As a Chinese speaker, I'd just want a simple option to disable slugs of posts. I don't want either transliteration or Unicode characters in the URLs. Personally I also prefer shorter URLs like example.com/d/12345 instead of example.com/d/12345-hello-world Having Unicode Chinese characters in the URL will make it horribly long and messy like https://zh.wikipedia.org/wiki/Portal:%E6%96%B0%E8%81%9E%E5%8B%95%E6%85%8B when you copy the URL from the address bar of the browser (e.g. Chrome). That is not human readable, so such slugs will be useless. I think disabling transliteration is much easier to implement and more useful to Chinese users.

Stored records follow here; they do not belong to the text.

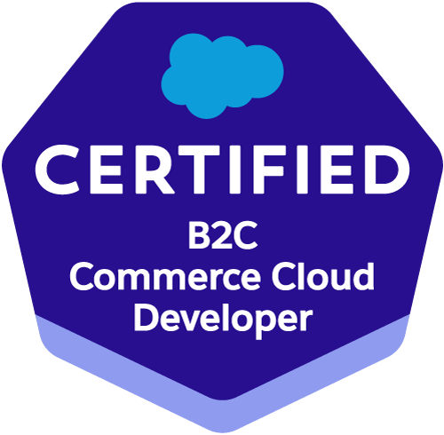 The Salesforce B2C Commerce Cloud Developer credential is designed for individuals who have experience as developers for Salesforce B2C Commerce Digital. The Salesforce Certified B2C Commerce Cloud Developer exam is designed for ecommerce developers who have a minimum of 1 year of developer experience, plus 3-6 months of experience in a B2C Commerce Cloud Developer role.
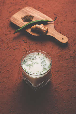 Spiced buttermilk, chaas, chaach, taak, or curd drink for summer in India
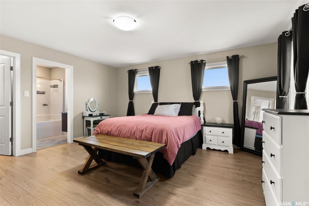 Discover the perfect blend of comfort and function in this spacious 5-bedroom, 3-bathroom family home. Step inside to find a welcoming and open main floor with 9ft ceilings. The sun-filled kitchen features maple cabinetry with stone counters, a stylish backsplash, pot filler, and plenty of drawers and prep space. Down the hall are 2 bedrooms, a 4-piece bathroom and main floor laundry for added convenience. Upstairs, the private and spacious primary suite offers a relaxing escape with a large walk-in closet and 5-piece ensuite with two sinks. The fully finished basement expands your living space with a cozy gas fireplace with custom mantle, perfect for movie nights or family gatherings. Here you will find 2 additional bedrooms ideal for guests or an at-home office. Outside, the yard is completely finished and offers a low maintenance fence, raised garden beds with underground sprinklers, a patio and covered deck. Enjoy the convenience of an attached and heated 24'x 24' garage and Govee permanent lighting that adds a touch of charm year-round. With no back neighbours this is a wonderful opportunity for those seeking space, quality, and privacy, all in one exceptional home.
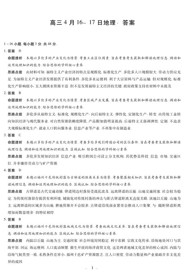 合肥市第六中学等学校2026届高三4月16—17日联考 地理答案.pdf
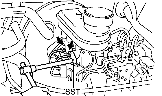 b) Using SST, disconnect the 2 brake lines from the brake master cylinder.
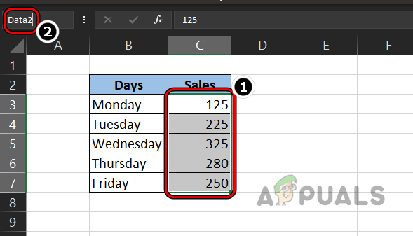 Delete the Data2 Range Name Through the Excel’s Name Manager - Now confirm to delete the range and again, select the C3 to C7 cells.
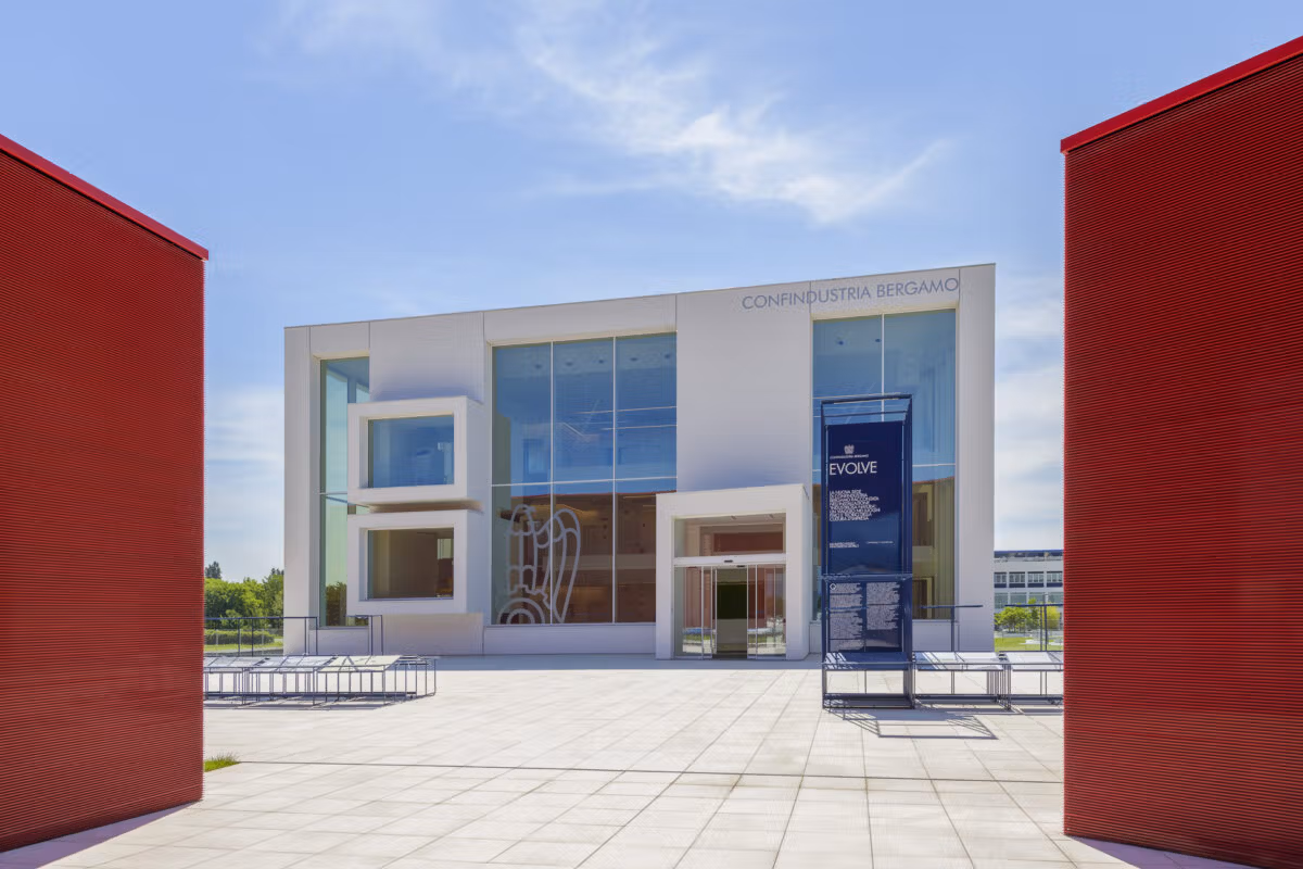 Realizzato nel “Parco Scientifico Tecnologico Kilometro Rosso”, l’edificio si caratterizza da una superficie di 6.500 mq, quattro piani fuori terra, un auditorium da 260 posti e serre bioclimatiche.
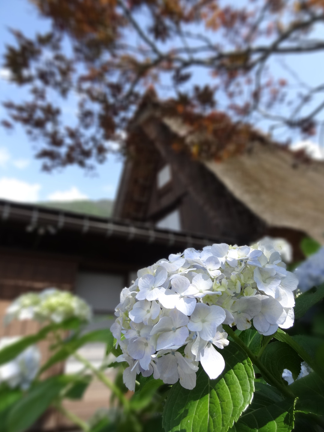 夏の白川郷、合掌造りの家屋を背に...
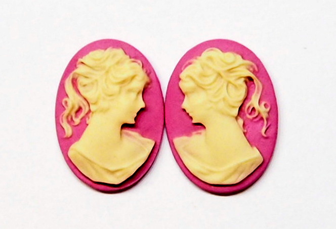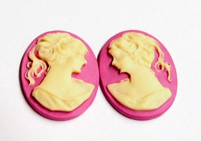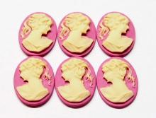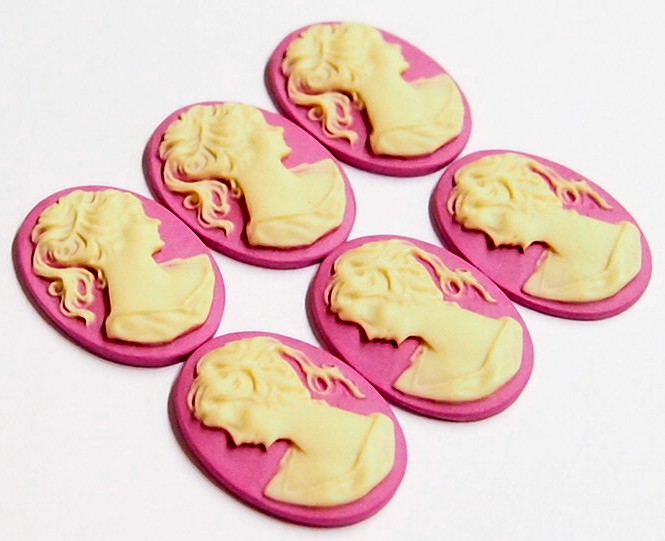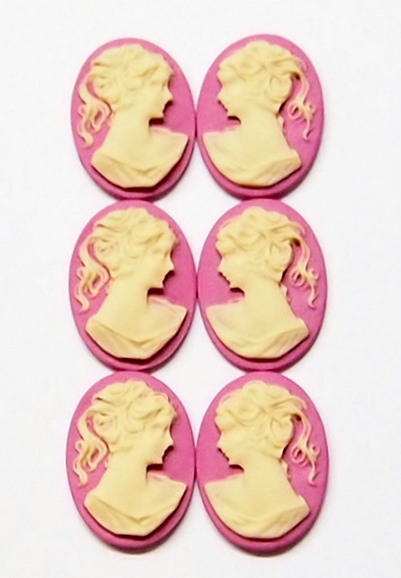You are buying 6 of 25 mm x 18 mm Cream over Pink Classic Ponytail Lady Cameos, Left & Right. There are three Lefts and three Right facing so earrings or charms could be made with these. These are gorgeous, this shows a beautiful Victorian Woman with her ponytail. They look very detailed for their size, in fact, they stand out from the background to give it a 3-D look. She is Cream with a Pink Background. I have several different settings these will fit in. They look very detailed for their size. I have lots of Great Bails, Bracelets, Cameos, Chains, Connectors, Jump Rings, Lockets, Pendants, Pins, Rings & Settings so, just look at all my listings. I have these in 1 other Color & in a group of 10 Colors as shown in the next to last picture item #111355292115. These are also offered in a group of 3 different sets of beautiful & colorful Cameos as shown in the last picture item #110930805536.
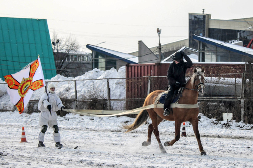 На старейшем дальневосточном ипподроме в амурской столице в тот же день состоялся конно-лыжный забег, или, как еще называют эту дисциплину, скиджоринг. Организатор соревнований — Федерация конного спорта Амурской области и ДВОКУ. Участники — спортсмены конноспортивного клуба «Аллюр», Благовещенского ипподрома, частные коневладельцы. Соревнования открылись показательными выступлениям по джигитовке, а затем 21 участник вышел на старт.
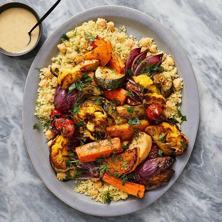 Pour une version végétarienne, remplacez la viande par une variété de légumes rôtis : potiron, poivrons, aubergines, et panais. Les légumes peuvent être rôtis au four avec des épices comme le cumin et le paprika pour une saveur intense.
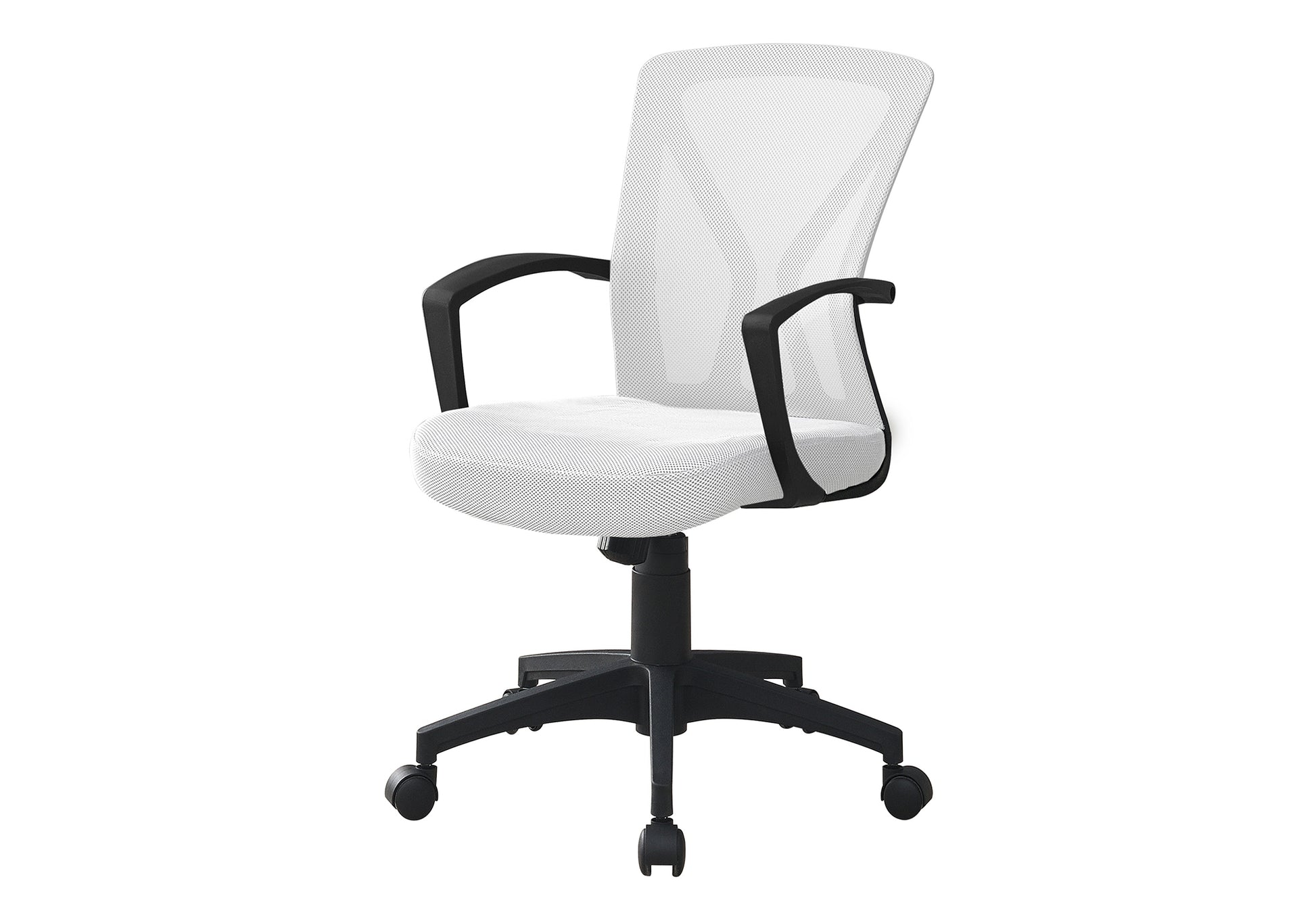 Office Chair, Adjustable Height, Swivel, Ergonomic, Armrests, Computer Desk, Work, White Mesh, Black Metal, Contemporary, Modern White Foam Polyester
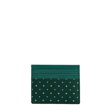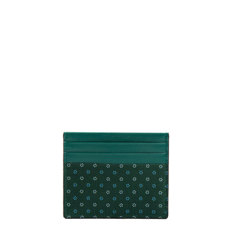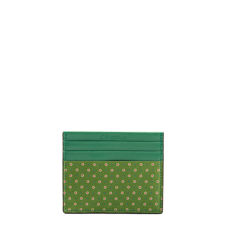 DARK GREEN LEATHER AND SILK CREDIT CARD HOLDER
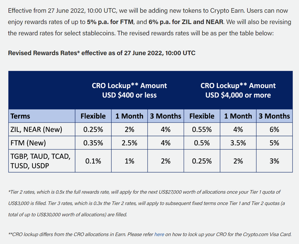 Trong thông cáo cập nhật về chương trình Crypto Earn, Crypto.com loại bỏ 15 Altcoin. Đáng chú ý nhiều Altcoin nổi tiếng đã bị loại khỏi danh sách, một số stablecoin bị điều chỉnh lãi suất.

dcsjapan commented 8 years ago

Safari and Firefox are able to copy the URL in human-readable format. When I open the URL you linked above and copy it from the Safari address bar, I get this:

https://zh.wikipedia.org/wiki/Portal:新聞動態

So this should probably be considered a deficiency of Chrome ... or of your OS, perhaps. That said, a third option to disable slugs altogether shouldn't be too hard to implement, and may be wanted by enough site admins that it would be worth adding.

believer-ufa commented 8 years ago

Hello guys :) You hear about PHP Intl Transliterator extension?

For example, you can use this snippet of code for transliterate any strings to latin characters (even japanese characters, as I know)

<?php
$rules = 'Any-Latin; Latin-ASCII; [\u0080-\uffff] remove';

echo transliterator_transliterate($rules,'Какая-то строка, которая нуждается в транслитерации');
// Kakaa-to stroka, kotoraa nuzdaetsa v transliteracii

echo transliterator_transliterate($rules,'新聞動態');
// xin wen dong tai

echo transliterator_transliterate($rules,'რა კაი ფორუმი წამოვჭიმეთ');
// ra kai porumi tsamovchimet

You can find more info about this transliterator functions in sources of Yii 2 framework, for example.

believer-ufa commented 8 years ago

Also in page with description of Intl extension you can find message of one of php developers in which it is written one of possible solutions to transform string into the correct transliterated url:

<?php
function slugify($string) {
    $string = transliterator_transliterate("Any-Latin; NFD; [:Nonspacing Mark:] Remove; NFC; [:Punctuation:] Remove; Lower();", $string);
    $string = preg_replace('/[-\s]+/', '-', $string);
    return trim($string, '-');
}

echo slugify("Я люблю PHP!"); // a-lublu-php
echo slugify('რა კაი ფორუმი წამოვჭიმეთ'); // ra-kʼai-porumi-tsʼamovchʼimet
echo slugify('新聞動態'); // xin-wen-dong-tai
?>

I think, it need to test on some count of strings to choose the more correct method :)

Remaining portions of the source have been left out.